SGLANG_ALLOW_OVERWRITE_LONGER_CONTEXT_LEN=1 python -m sglang.launch_server \
  --model-path meta-llama/Llama-3.1-8B-Instruct \
  --speculative-algorithm EAGLE3 \
  --speculative-draft-model-path lmsys/sglang-EAGLE3-LLaMA3.1-Instruct-8B \
  --speculative-num-steps 2 --speculative-eagle-topk 1 --speculative-num-draft-tokens 3 \
  --dtype float16 --mem-fraction-static 0.6 --enable-nan-detection \
  --port 30000 --host 127.0.0.1 --tensor-parallel-size 2 --disable-cuda-graph

Full output:

============================================================
Eagle V2 Radix Cache Hit NaN Reproduction Test
============================================================
Server is ready!

--- Sending Request A (cold, no cache hit) ---
  Prompt length: ~61 chars
  Status: OK
  Output: The capital of France is Paris, which has a rich and fascinating history ...

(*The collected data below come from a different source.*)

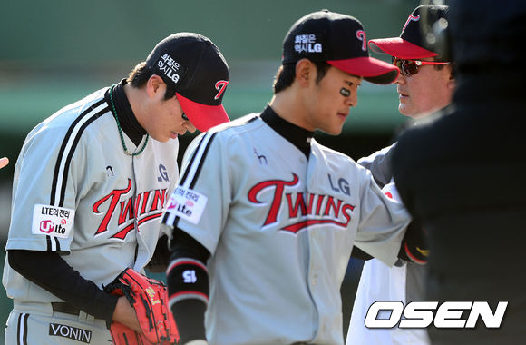 LG 우규민이 완봉으로 승리를 장식하며 김기태 감독의 격려를 받고 있다./jpnews@osen.co.kr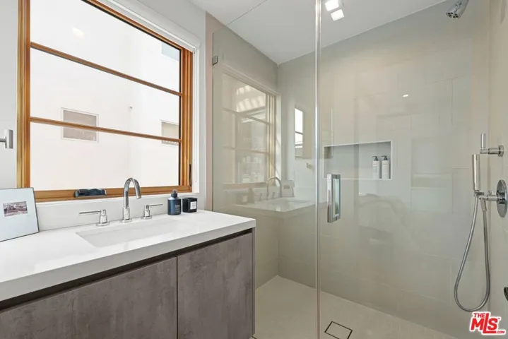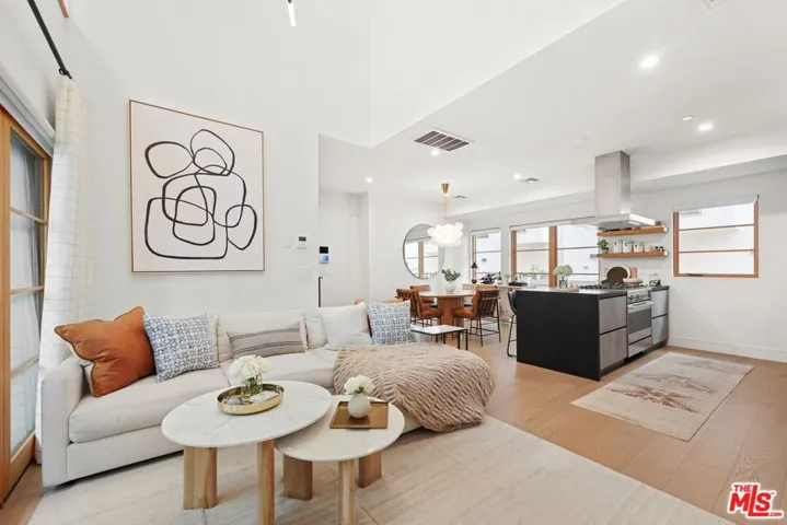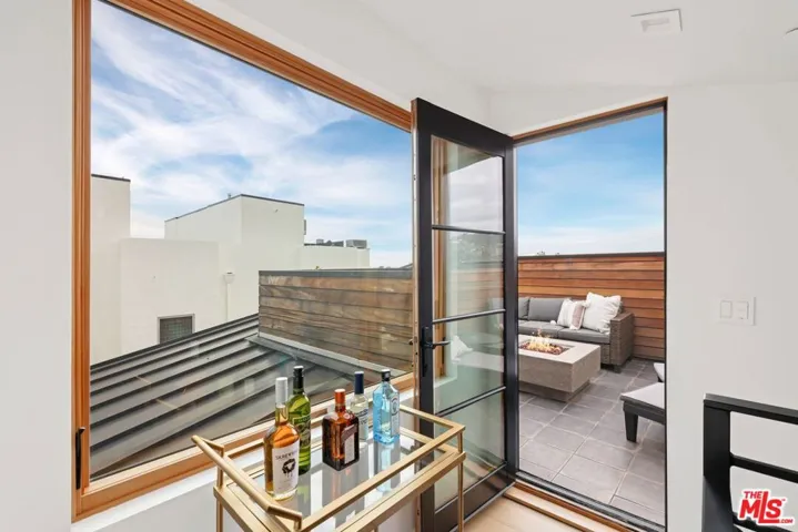 Experience elevated West Hollywood living in this architecturally bold multi-story home one of only four in an exclusive small-lot subdivision. Enter through striking exposed concrete walls and a dramatic floating staircase that rises from the ground-floor garage with car lift to a private rooftop terrace boasting direct views of the Hollywood Sign, Griffith Observatory, downtown LA, Century City, and beyond. The main level features an airy open layout, with a sleek chef’s kitchen, stainless steel appliances, and breakfast bar seamlessly flowing into a sun-drenched living/dining space with soaring ceilings and an inviting patio. Upstairs, the expansive primary suite offers a generous walk-in closet, while two additional bedrooms share a chic Jack-and-Jill bath. On the rooftop, a gas fireplace anchors 360-degree views for the ultimate Hollywood lifestyle all just moments from Melrose Place, Plummer Park, and the best of the city.
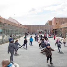 Le groupe scolaire Aimé Césaire est un des équipements structurants de l’écoquartier Clause-Bois Badeau. Il prend place en partie dans l'ancienne ferme du Mesnil réhabilitée et en partie en construction neuve, pour accueillir les enfants du quartier. Cet équipement, doté d'une salle polyvalente, profite également aux habitants. Le bâtiment de plus de 4 000 m² s’intégre dans la démarche de développement durable du quartier.
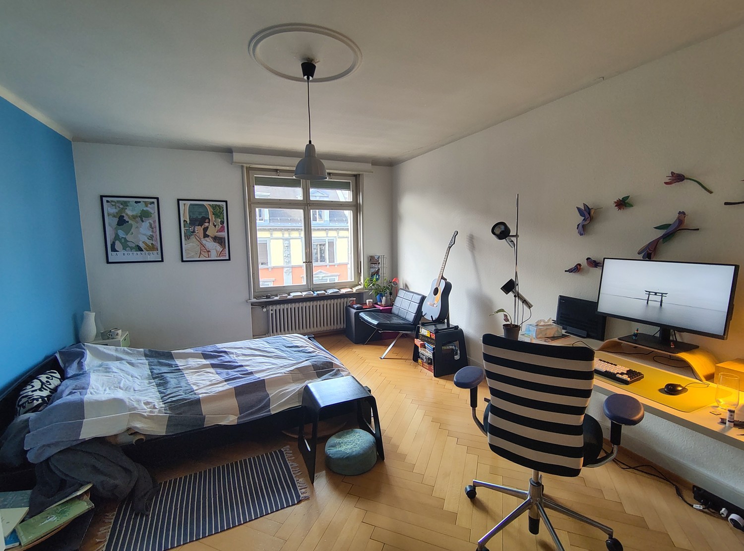 English below :) Ich suche einen Nachmieter für mein Zimmer in einer Erwachsenen-WG beim Haldenbachplatz in Zürich. Die Wohnung ist sehr geräumig (130 m² für 2 Personen) und hell. Das Zimmer ist ca. 18 m² gross und teilweise möbliert (Bett, Bücherschrank, Schreibtisch, Sessel etc.). Das Einzugsdatum ist relativ flexibel, frühestens 2.04. Die Wohnung verfügt über ein grosses Wohnzimmer, eine grosszügige Küche, ein Gästezimmer sowie zwei Balkone. Zusätzlich gibt es eine grosse Dachterrasse mit Ausblick über die Stadt. Die Waschküche wird mit den anderen Wohnungen im Haus geteilt. Die Lage ist sehr zentral: Den Hauptbahnhof erreicht man in etwa 10 Minuten zu Fuss (der Rückweg ist bergauf). Die Tramhaltestelle Haldenbach (Linien 9 und 10) ist nur 2 Minuten entfernt. Direkt im Haus befindet sich ein Café, und viele Geschäfte und Restaurants sind in unmittelbarer Nähe. Dennoch ist die Wohnung ruhig gelegen. Du würdest die Wohnung mit einer berufstätigen Architektin teilen. Das Zusammenleben ist eher ruhig und unkompliziert. Wichtig ist ein sorgfältiger und sauberer Umgang mit der Wohnung und ein regelmässiges Einkommen. Bei Interesse freue ich mich über eine Nachricht. \ I am looking for a new tenant for my room in a shared 2-person apartment in a prime location near Haldenbachplatz in Zurich. The room is approximately 18 m² and partially furnished (bed, bookshelf, desk, armchair, etc.). The apartment is very spacious (130 m²) and bright. It includes a large living room, a generous kitchen, a guest room, and two balconies. There is also a large rooftop terrace with a view over the city. The laundry room is shared with the other apartments in the building. The location is very central: Zurich main station can be reached in about 10 minutes on foot (the way back is uphill). The tram stop Haldenbach (lines 9 and 10) is just 2 minutes away. There is a café directly in the building, and many shops and restaurants are nearby. Despite the central location, the area is relatively quiet. You would share the apartment with a working architect. The atmosphere in the flat is calm and uncomplicated. It is important that you have a regular income and take good care of the apartment. If you are interested, feel free to send me a message.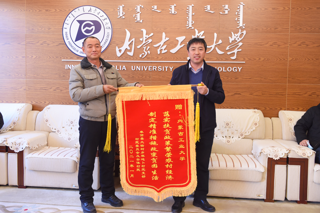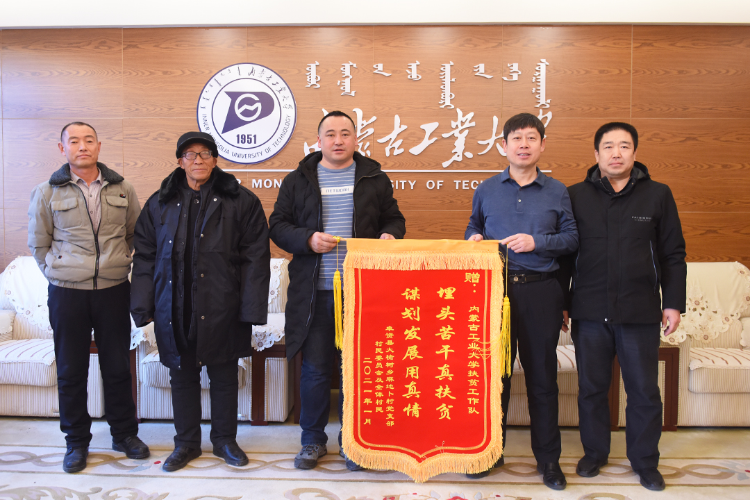 我校扶贫点乌兰察布市卓资县大榆树乡麻地卜村支部书记一行来校赠送锦旗
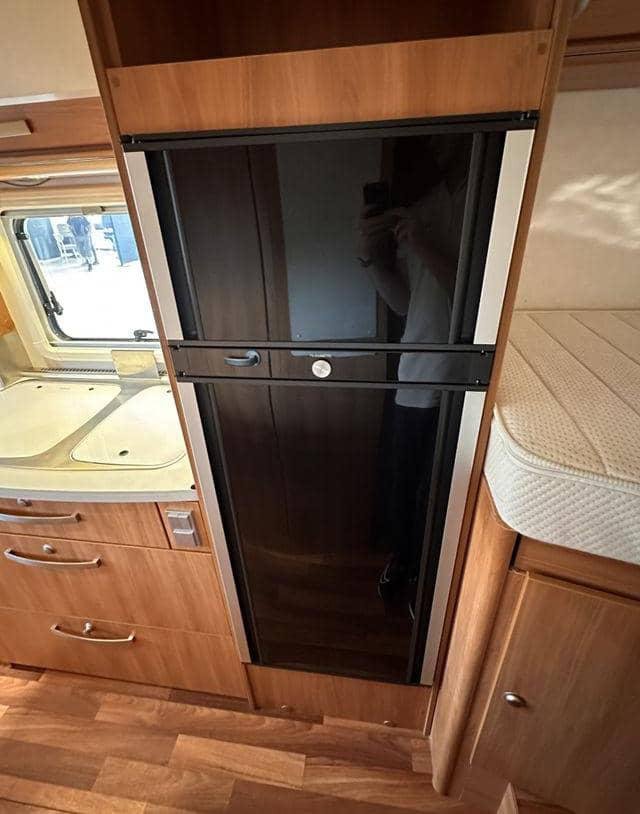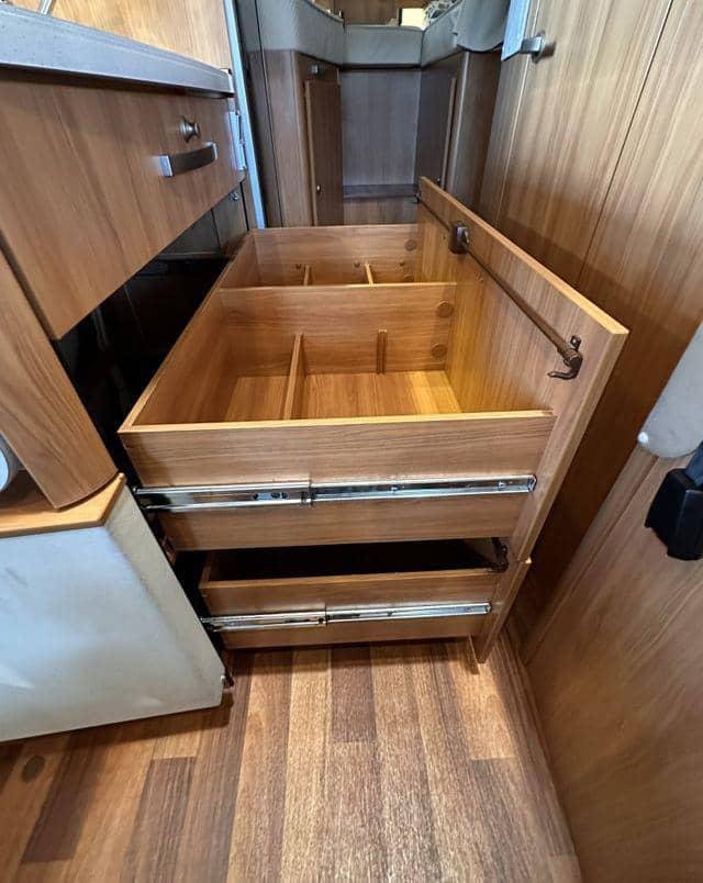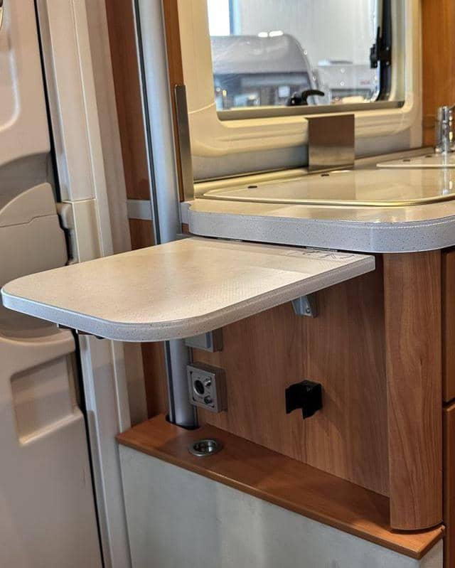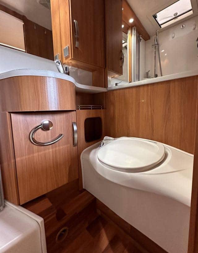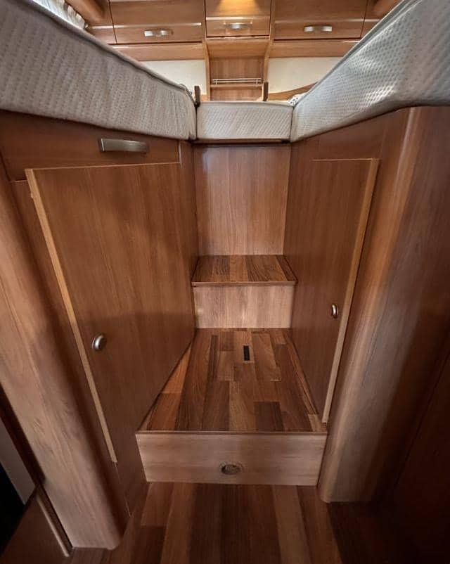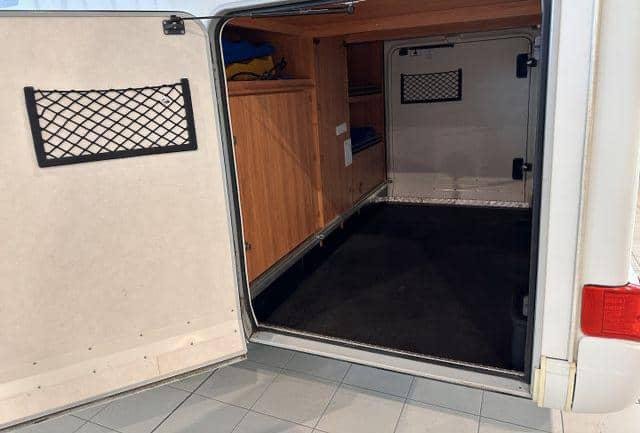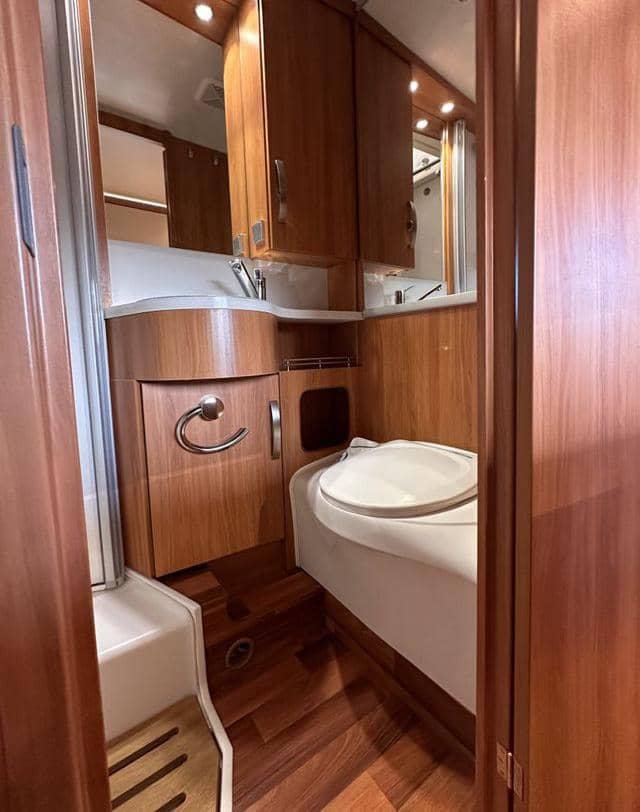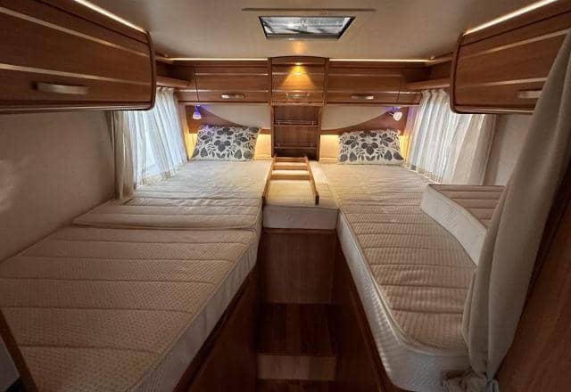 Il s’agit d’une voiture avec deux lits longitudinaux, ce qui donne un grand et bon espace de chargement. Salle de bain spacieuse avec douche. Le modèle est délibérément produit un peu plus étroit (221cm) pour faciliter l’accessibilité.

Server alive after A: True
  Accept length: 1.5

--- Sending Request B (populates cache with shared prefix) ---
  Prompt length: ~4018 chars
  Status: OK
  Output: The Roman Empire, one of the most influential civilizations in human history ...

Server alive after B: True
  Accept length: 1.5076923076923077

--- Sending Request C (CACHE HIT - this is the crash trigger) ---
  Prompt length: ~4055 chars
  [Server log: Prefill batch, #new-seq: 1, #new-token: 9, #cached-token: 661, ...]
  [Server log: Decode batch, #running-req: 1, #token: 719, accept len: 1.55, ...]
  Status: OK
  Output: Ancient Egypt, one of the most fascinating and enduring civilizations ...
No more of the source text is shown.